What can you share about your creative process?
    The part of the process of producing a new piece of art that I find most exciting and enjoyable, whether it be space art for publication, visual effects design for a series like COSMOS, or science fiction hardware in my work for Star Trek Voyager, is the act of creating something almost from thin air. Marks on a blank sheet of paper or cuts in a sculptural solid object can be manipulated in limitless ways as the picture in one's mind can be set down for others to see. This has been the artist's way for thousands of years. For the contemporary space artist, knowledge of science and engineering blend with the ability to commit shapes and colors to canvas and computer screen, with the final product able to function on many levels, from a basic work of art to a tool to help accomplish a greater goal.
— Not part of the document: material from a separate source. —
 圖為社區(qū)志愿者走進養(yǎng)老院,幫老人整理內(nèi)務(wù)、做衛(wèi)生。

I am constantly drawing upon images from nature, past and present technology, mathematics, news reports, everyday shapes, music, and artistic styles from other cultures and historical periods. A simple doodle may evolve into a complex piece of hardware or an impossible piece of geology. A breakthrough in high-energy physics may trigger a visual composition of another world and spacecraft to get us there. A simple blue pencil and a pad of paper can become a powerful springboard for the imagination, as the mind absorbs and filters and processes, and the hand creates. Over time, clearer and more complex versions of drawings and paintings and computer renderings appear, as if from thin air.  
       
 
What ideas do you have for a future human community on Mars?
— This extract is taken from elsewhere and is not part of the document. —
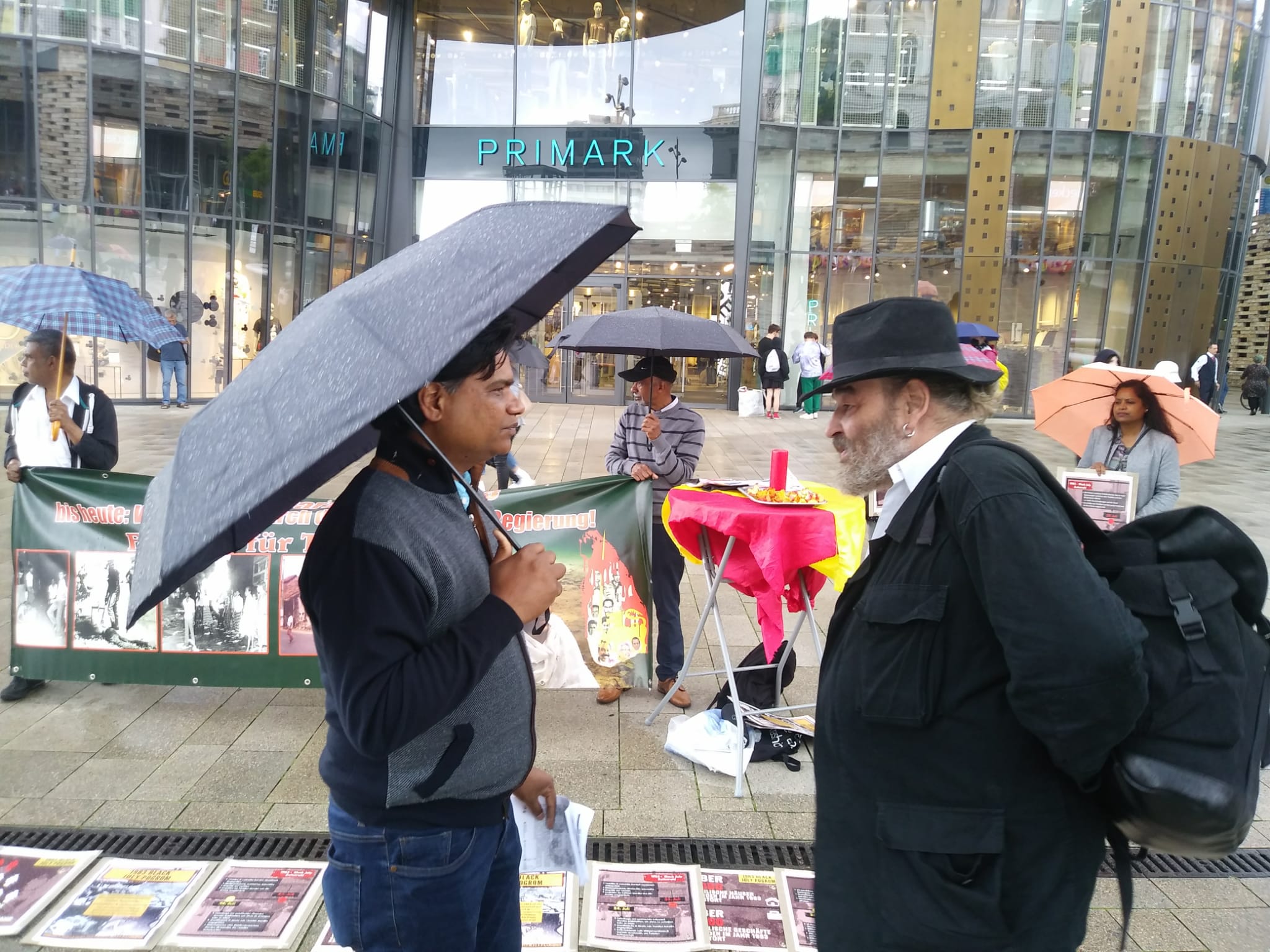 நிகழ்வுகளில் முதலில் பொது ஈகைச்சுடர் ஏற்றப்பட்டு, சுடர் மற்றும் மலர் வணக்கத்தோடு அகவணக்கம் செய்யப்பட்டது. தொடர்ந்து யேர்மனிய மற்றும் பல்வேறு தேசிய இன மக்களுக்கும் துண்டுப்பிரசுங்கள் வழங்கப்பட்டதோடு, எமது இளையவர்களினால் நேரடியாக விளக்கங்களும் கொடுக்கப்பட்டது.

  I have no special visions for the Mars community of the future that haven't already been imagined for the past fifty years or more. Even if I am not able to witness the first human landing on Mars –– though I have no doubt that it will happen before 2030 –– I will hope that any permanent settlement will be built to accommodate growth and to be flexible enough to change as the community discovers different and better ways of doing things. Colonies on other worlds have been likened to Antarctica with multi–national bases, as breakaway independent states, or as exploiters of unlimited natural resources. Anything is possible. But for the Mars community to become a true representative of civilization, its citizens, by the very nature of their positions and like the systems of the spacecraft that brought them, will be required to work together, solve problems, and survive. Mars will not be opened to habitation as quickly as land rushes attempted to open the western United States; that haste cost human lives. Lessons learned aboard Mir, ISS, and all long-term space flight to come will add invaluable knowledge to our ability to maintain a viable presence on Mars.